Our metric and analysis also focus on the US county scale to reflect the finest scale generally used for infectious disease modeling as well as public health decision-making. This choice is likely to ignore some within-county heterogeneity and means that our metric does not represent the experience of all groups, particularly by socioeconomic status. For example, low-income and racially marginalized communities have systematically less access to outdoor, natural spaces and spend more time indoors due to structural inequities including lack of paid leave (Spalt et al., 2016; Nesbitt et al., 2019; Sefcik et al., 2019). Such socioeconomic disparities have been further exacerbated during the pandemic, which potentially affects our indoor activity estimates during 2021. Thus, our estimate of a county’s indoor transmission risk may represent an underestimate of the risk experienced by individuals in these communities. We commit to continued work to better characterize the transmission risk experienced by vulnerable populations. Lastly, we acknowledge that data modeling work that can influence public health policy decisions, particularly during an ongoing crisis, must be done with care to prevent misconceptions from having adverse effects on risk perception and policies (Carlson et al., 2020). We thus strongly note that while our measure of indoor behavioral seasonality provides a potential driver of respiratory disease seasonality, it remains one among many complex factors which integrate to predict the transmission potential of an ongoing epidemic or pandemic (Susswein et al., 2021). Thus, we cannot rely on behavioral seasonality to diminish transmission naturally, and pandemic intervention strategies should not be planned around behavioral seasonality while population susceptibility remains high in so many locations.
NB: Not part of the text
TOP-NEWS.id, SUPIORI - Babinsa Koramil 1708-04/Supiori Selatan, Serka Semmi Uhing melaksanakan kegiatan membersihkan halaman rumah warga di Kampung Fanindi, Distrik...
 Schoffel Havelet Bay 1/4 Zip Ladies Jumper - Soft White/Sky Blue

Ongoing global change events highlight the importance of this work, as it informs how widespread disruptions may shift patterns of indoor activity, potentially altering traditional infectious disease seasonality. Climate change events will continue to cause significant disruption to normal behavior patterns; mechanistic understanding of infectious disease seasonality and real-time data collection will be crucial components of future disease control efforts. While other global change events may impact indoor activity in different ways than the COVID-19 pandemic, a rigorous understanding of the impact of host behavior on infectious disease allows policymakers and emergency preparedness experts to effectively address future disruptions.
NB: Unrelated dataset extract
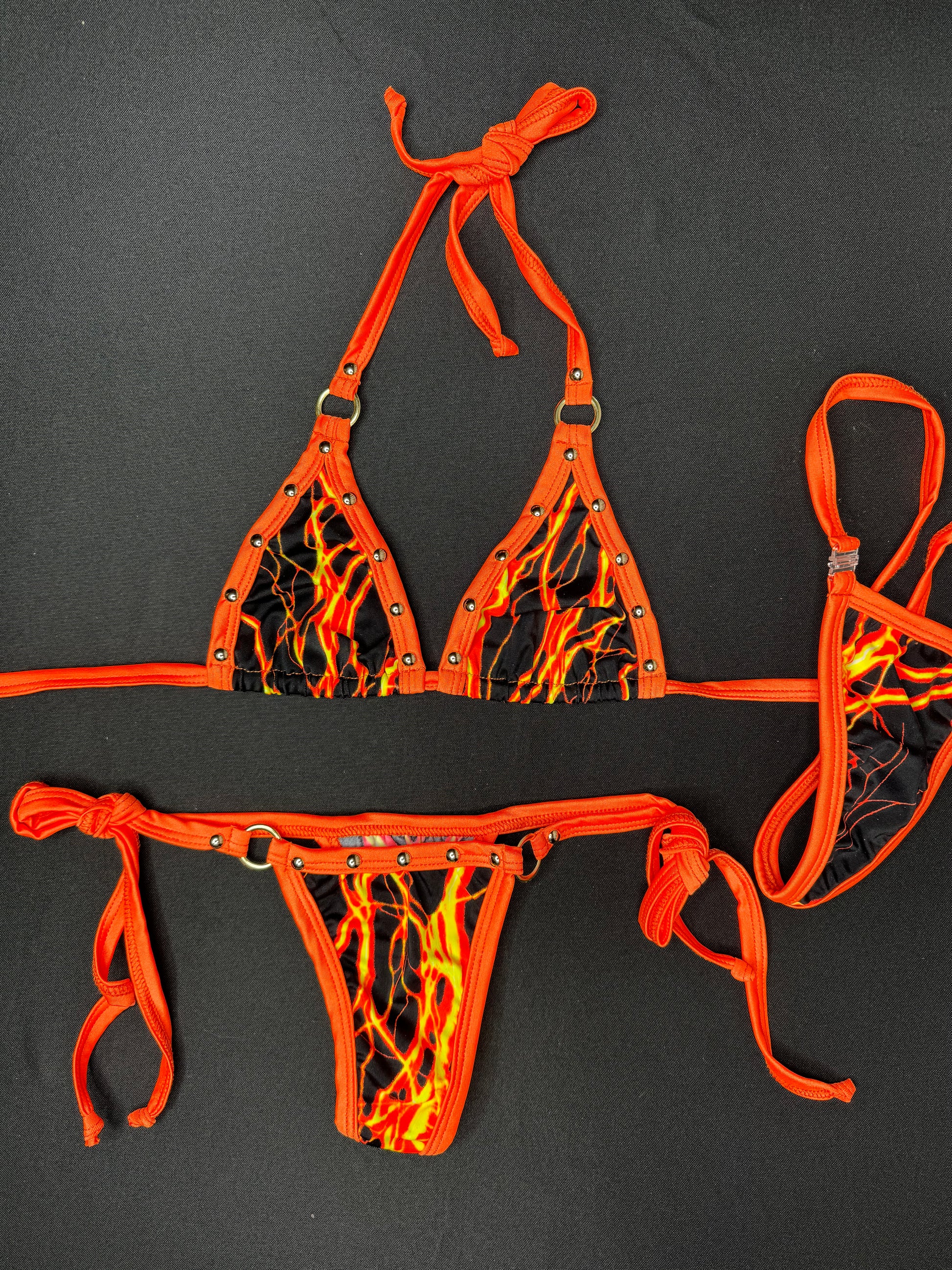 Orange/Black Lightning Two-Piece Bikini Lingerie Outfit

We make available on Github the data and code needed to reproduce all figures and analyses in this manuscript: https://github.com/bansallab/indoor_outdoor (copy archived at swh:1:rev:d8a2ffc49f46a22c45814bd1dfcd1b054f2a4a27). The dataset we provide is of the metric used in all our analyses and figures ("indoor activity"). This dataset can be regenerated using the Safegraph Weekly Patterns datasets found at https://docs.safegraph.com/docs/weekly-patterns and code in the Github repository. The Safegraph Weekly Patterns was made freely available to academics at a uniquely granular level in response to the COVID-19 pandemic. Safegraph's business model involves selling these datasets to other corporations and, as a result, any data access agreement with the company forbids sharing of the raw data. The company does, however, make its data freely available to academics (for non-commercial use) through an institutional university subscription to Dewey or an individual data use agreement with Safegraph.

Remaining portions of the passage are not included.